A word-for-word reproduction of the data below is needed, with no pictures in it.

### Information supplied

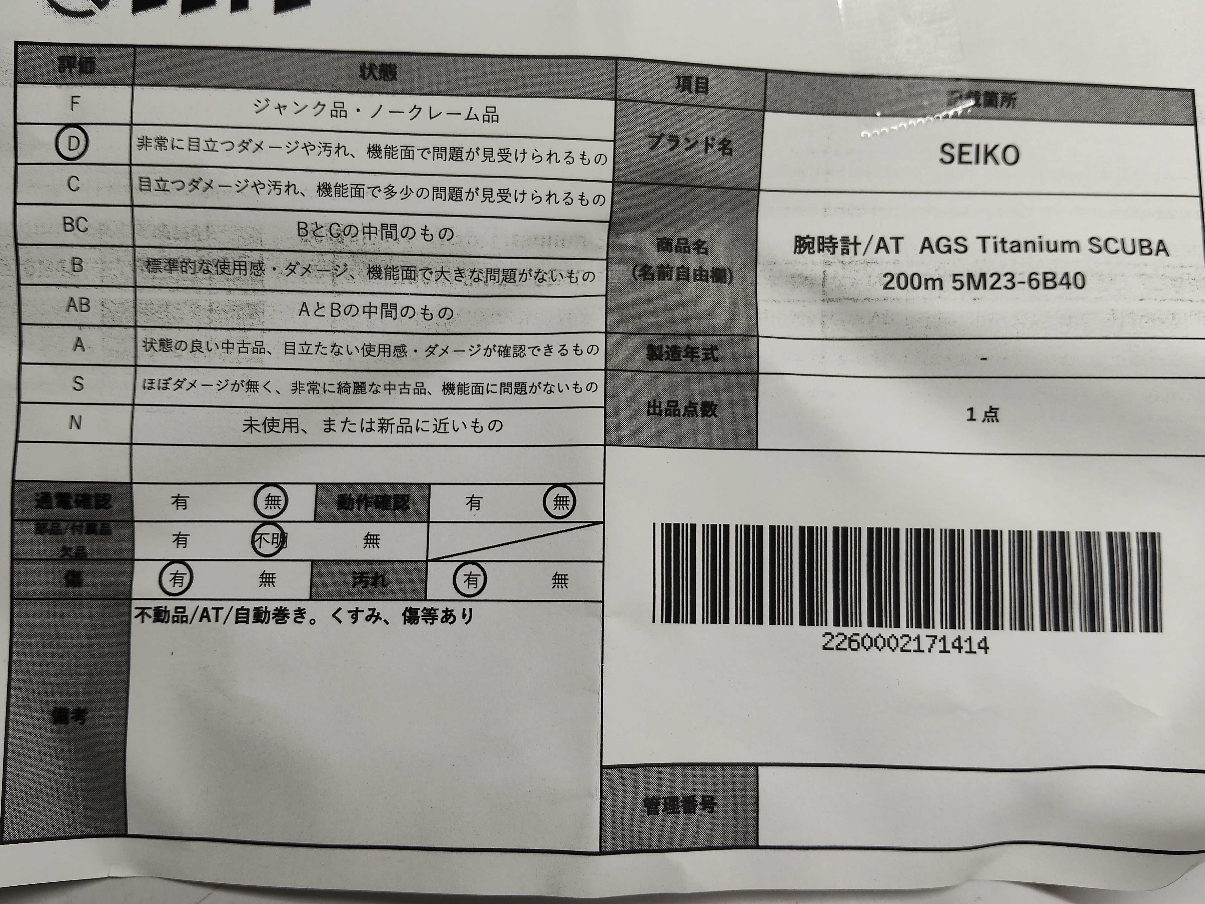 商品内容によって、JITBOXなどでの発送となる可能性がございます事ご理解下さい。年式などの商品情報詳細は写真にてご確認願います。※ご入札の際はご利用規約をよくお読みになってからのご参加お願いします。","タイプライン": "", "カテゴリ": "時計", "形状コード": "ボーイズ腕時計", "付属品コード": "", "シリアル・シール・型番": ""
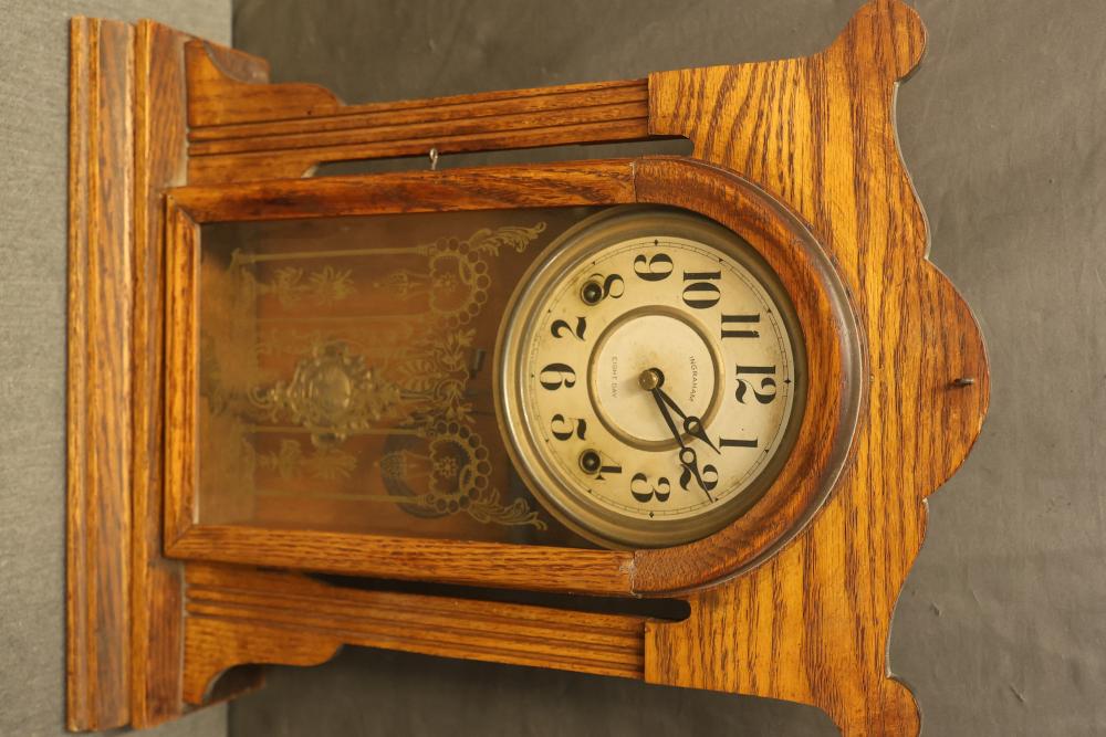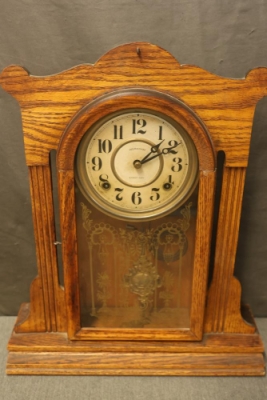 E. Ingraham & Co. Gingerbread Mantle Clock. Cabinet frame shows wear in some areas and is loose. Features an ornate wooden design with a glass front panel, clock face with bold numerals, and an internal pendulum. Pickup only.
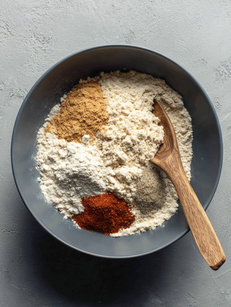 - In a large bowl, mix flour, paprika, and garlic salt to create the breading mixture.
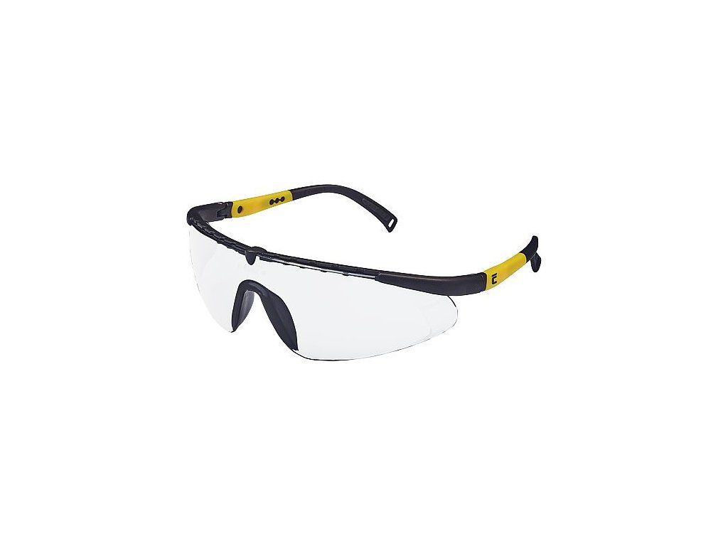 Brýle sportovního vzhledu optické třídy 1 s polykarbonátovým zorníkem s úpravou proti poškrábání a orosení (třída F dle normy EN 166); ochrana proti nárazu s malou energií a nastavitelnou délkou stranic; žlutý zorník má ochranný filtr proti UV záření dle normy EN 170; šedý zorník má ochranný protisluneční filtr dle normy EN 172

######

## Exercise response
 商品内容によって、JITBOXなどでの発送となる可能性がございます事ご理解下さい。年式などの商品情報詳細は写真にてご確認願います。※ご入札の際はご利用規約をよくお読みになってからのご参加お願いします。","タイプライン": "", "カテゴリ": "時計", "形状コード": "ボーイズ腕時計", "付属品コード": "", "シリアル・シール・型番": ""
 E. Ingraham & Co. Gingerbread Mantle Clock. Cabinet frame shows wear in some areas and is loose. Features an ornate wooden design with a glass front panel, clock face with bold numerals, and an internal pendulum. Pickup only.
 - In a large bowl, mix flour, paprika, and garlic salt to create the breading mixture.
 Brýle sportovního vzhledu optické třídy 1 s polykarbonátovým zorníkem s úpravou proti poškrábání a orosení (třída F dle normy EN 166); ochrana proti nárazu s malou energií a nastavitelnou délkou stranic; žlutý zorník má ochranný filtr proti UV záření dle normy EN 170; šedý zorník má ochranný protisluneční filtr dle normy EN 172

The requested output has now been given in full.